View all questions & answers for the AWS Certified Data Engineer - Associate DEA-C01 exam

Exam AWS Certified Data Engineer - Associate DEA-C01 topic 1 question 54 discussion

Exam question from Amazon's AWS Certified Data Engineer - Associate DEA-C01

Question #: 54
Topic #: 1

[All AWS Certified Data Engineer - Associate DEA-C01 Questions]

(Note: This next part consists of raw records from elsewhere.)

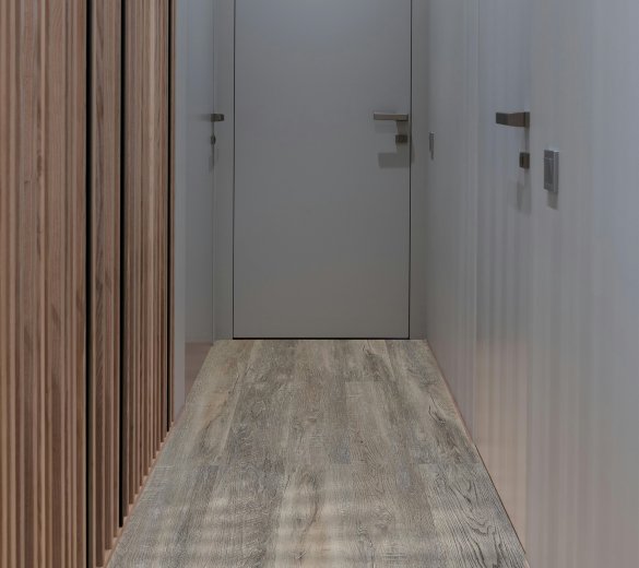 Dzięki technologii Embossed in Register (EIR) powierzchnia paneli odwzorowuje rysunek słojów z zachowaniem ich głębi i struktury. Efekt? Podłoga wygląda jak prawdziwe drewno – i tak też się ją odbiera w dotyku. To idealne rozwiązanie dla tych, którzy cenią wizualne walory drewnianych podłóg, ale potrzebują trwałości i odporności typowej dla nowoczesnych materiałów LVT.
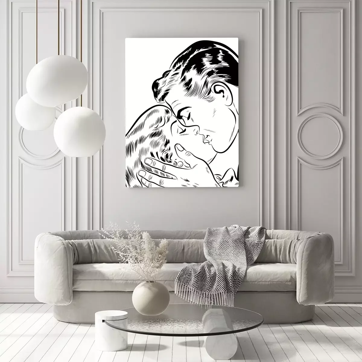 Tableau  Le visage d'une femme et d'un homme s'embrassant
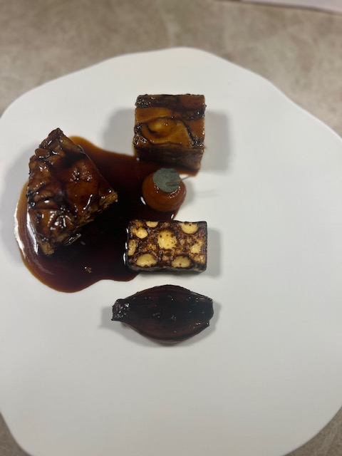 Μια μακαρονόπιτα με μπουγκατίνι και φραγκόκοτα μπρεζέ, μαγειρεμένη με σπετσερικό και δίπλα της μια πρέσα από όλα τα μέρη της φραγκόκοτας με μανιτάρια του δάσους, πελτές τομάτας (από ντόπιο παραγωγό απ’το χωριό Απολακκιά, ψημένη στα κάρβουνα), creme brulee Σαν Μιχάλη και κοκκάρι καραμελωμένο με τη σάλτσα από τη φραγκόκοτα. Ένα πολύ γευστικό πιάτο που για να το συνθέσει ο chef και η ομάδα του έχουν χρειαστεί εργατοώρες και πολύ μεράκι.
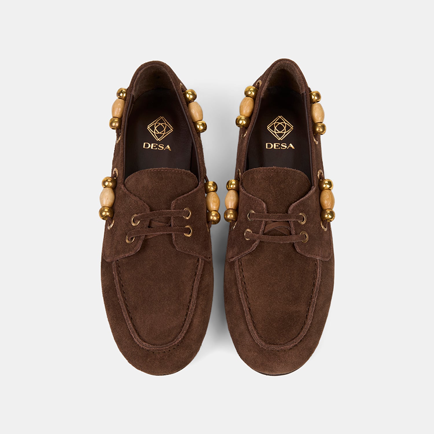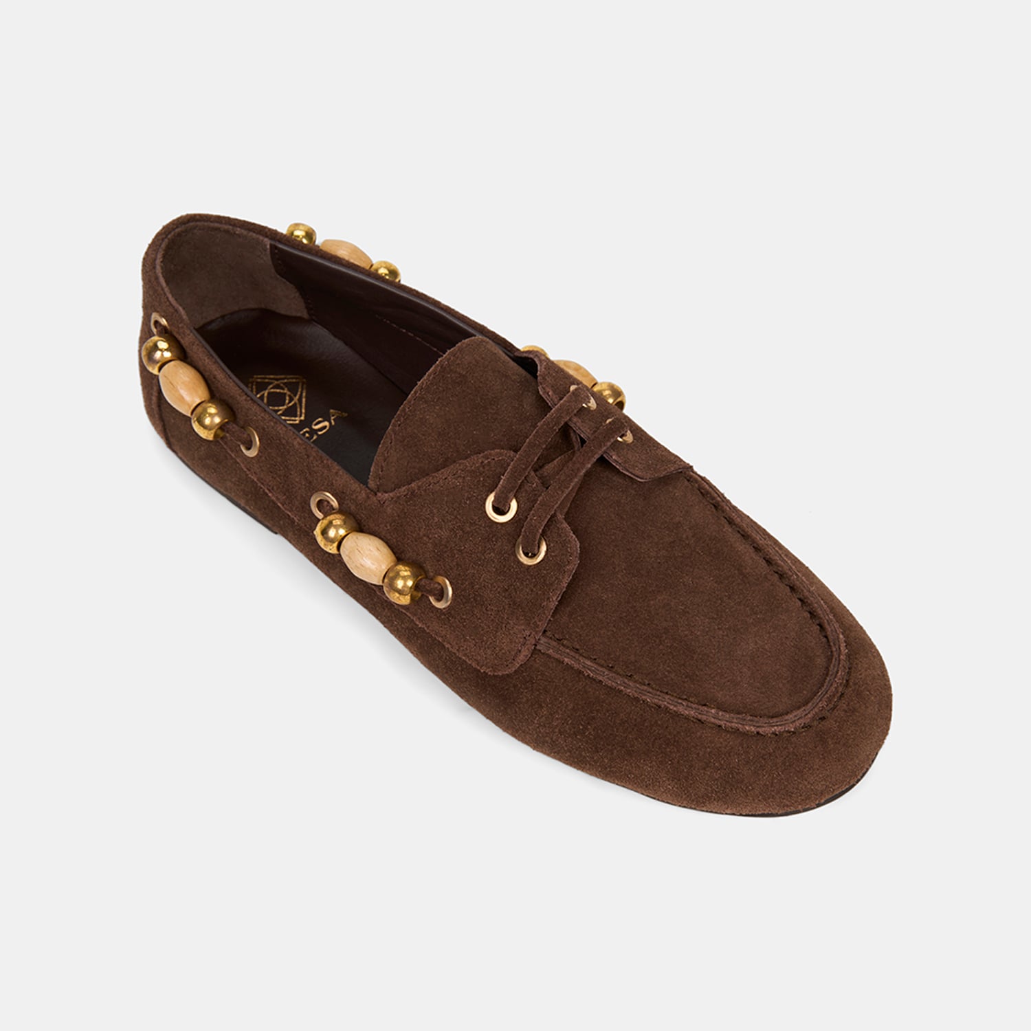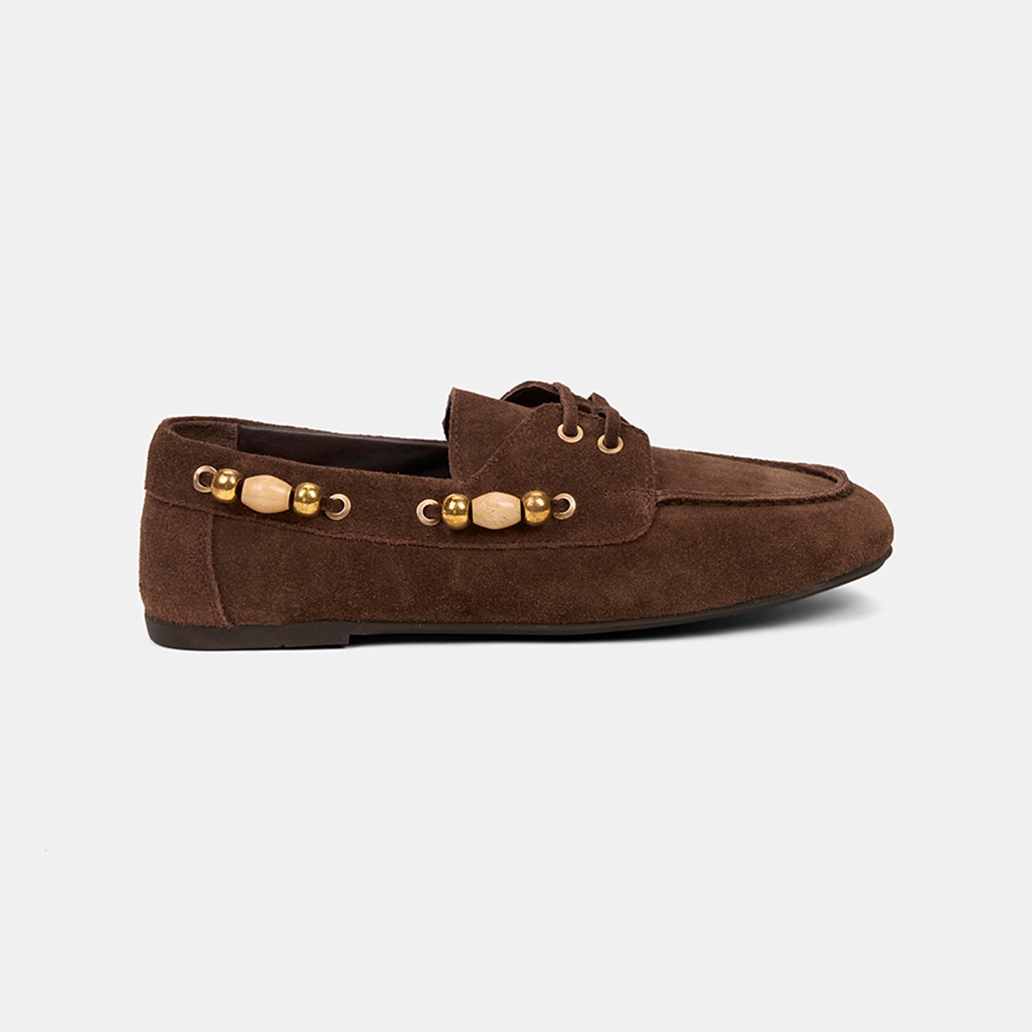 Kadın Kahve Gold Boncuk Aksesuarlı Süet Deri Loafer
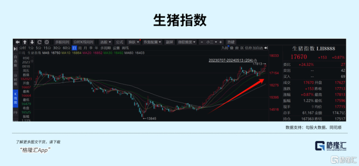 因为生猪价格又涨起来了。国家统计局5月14日发布数据,2024年5月上旬与4月下旬相比,生猪(外三元)本期价格为15.0元/千克,环比上涨0.7%。
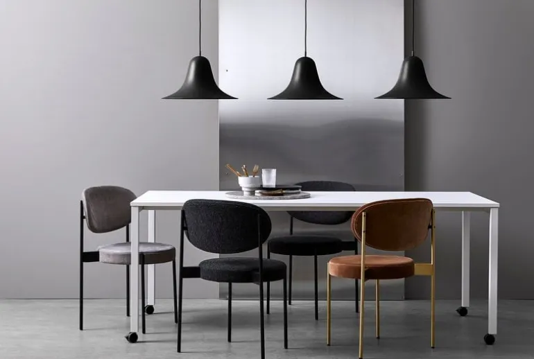 Series 430 chair by the Danish Verpan is a re-release of Verner Panton’s design classic from 1967. Series 430 chair combines a stackable metal tube structure with a round seat and curved backrest softened by a stylish upholstery by Kvadrat.
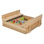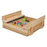 Offrez à vos enfants un espace de jeux en plein air comme à la plage avec ce bac à sable de 100 x 100 cm et ses 2 grands bancs intégrés !Celui-ci deviendra rapidement l'endroit préféré de vos enfants, et les encouragera à jouer dehors dès que les beaux jours feront leur apparition !Avec ses larges dimensions de L.100 x l.100 x H.20 à 37 cm, vos enfants pourront profiter d'un grand espace rien qu'à eux pour développer leur imagination en construisant de grands châteaux de sable avec leurs amis et jouer comme s'ils étaient à la plage !Composé de 2 grands bancs, le bac à sable a été pensé afin que vos enfants puissent s'y asseoir pendant qu'ils jouent. Pratique, les bancs se plient à votre guise et vous permet de protéger l'intérieur du bac à sable lorsque les enfants ont fini de jouer. Astuce : le bois du bac est naturel. Nous vous recommandons de poser une lasure de protection pour garantir la durabilité du produit.Ce bac à sable est simple et rapide à assembler et résistant aux intempéries.Il est fourni avec une bâche de sol afin d'éviter que les mauvaises herbes poussent ainsi qu'une bâche de protection pour le protéger au maximum du mauvais temps quand il ne sert pas.Alors laissez-vous tenter et offrez à vos enfants des moments d'amusement et de joie comme à la plage, depuis votre jardin !Dimensions du bac à sable avec refermable bancsDimensions globales dépliées : Longueur 100 cm x largeur 100 cm x Hauteur 37 cmDimensions globales pliées : L. 100 x l. 100 x H. 20 cmMatériaux : Structure en bois, bâche de fond en tissu, bâche de protection en plastiqueColoris : bois naturelÉpaisseur de la structure : 1,5 cmDimensions des bancs : L. 100 x l. 16 x H. 15,5 cmBâches de fond et de protection inclusesCertifications : EN71-1 / EN71-2 / EN71-3À monter soi-mêmeDécouvrez également tous nos jeux d'extérieur sur notre boutique en ligne !
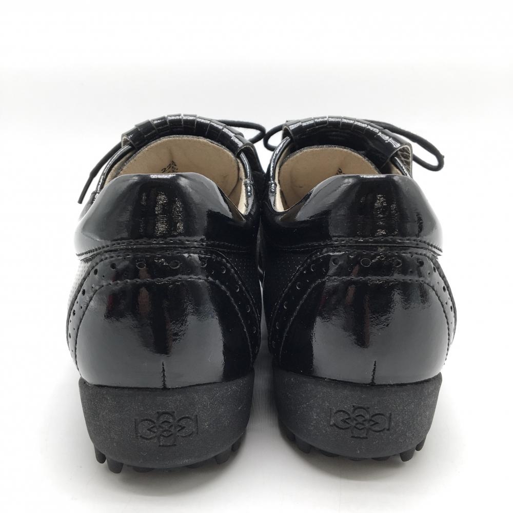 【超美品】アジェイド ゴルフシューズ 黒 一部エナメル ウイングチップ キルト取外し可 スパイクレス レディース 22.5 ゴルフウェア aJADE
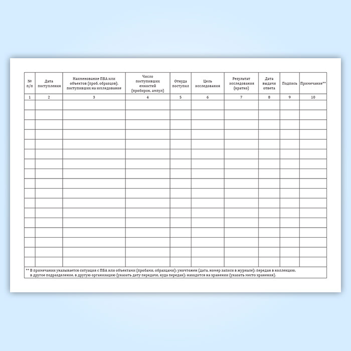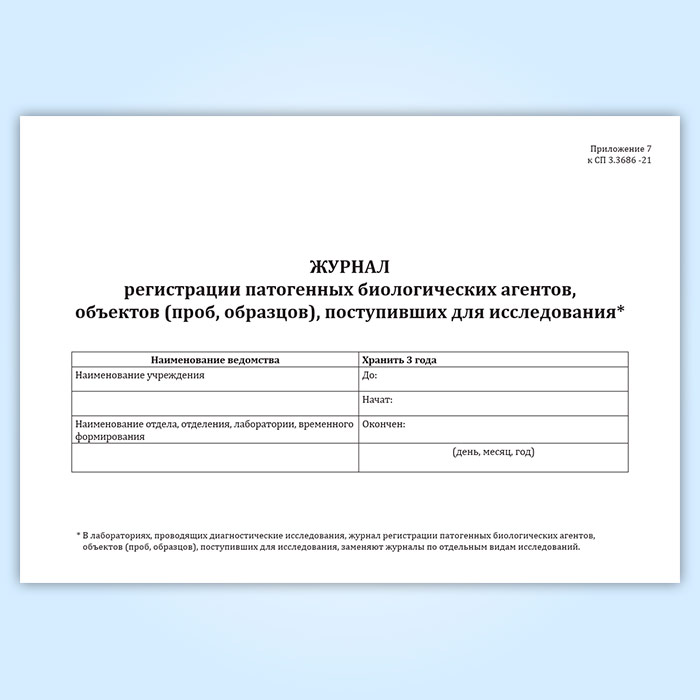 Журнал регистрации патогенных биологических агентов, объектов (проб, образцов), поступивших для исследования в Щёлково купить
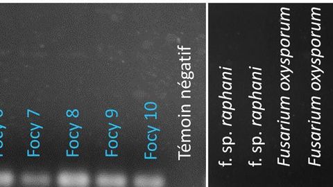 Test indiquant la présence (bande blanche) ou l'absence du morceau d'ADN spécifique de Focy (absence de bande blanche) chez différents microorganismes. Les noms notés en bleu correspondent à différentes souches de Focy. Les témoins négatifs correspondent à un traitement à l'eau stérile. Les autres noms correspondent à d'autres formes spéciales de F. oxysporum (f. sp. raphani pathogène du radis et f. sp. cubense pathogène du bananier) et d'autres espèces appartenant au genre Fusarium. ASTREDHOR

A company is planning to migrate on-premises Apache Hadoop clusters to Amazon EMR. The company also needs to migrate a data catalog into a persistent storage solution.
The company currently stores the data catalog in an on-premises Apache Hive metastore on the Hadoop clusters. The company requires a serverless solution to migrate the data catalog.
Which solution will meet these requirements MOST cost-effectively?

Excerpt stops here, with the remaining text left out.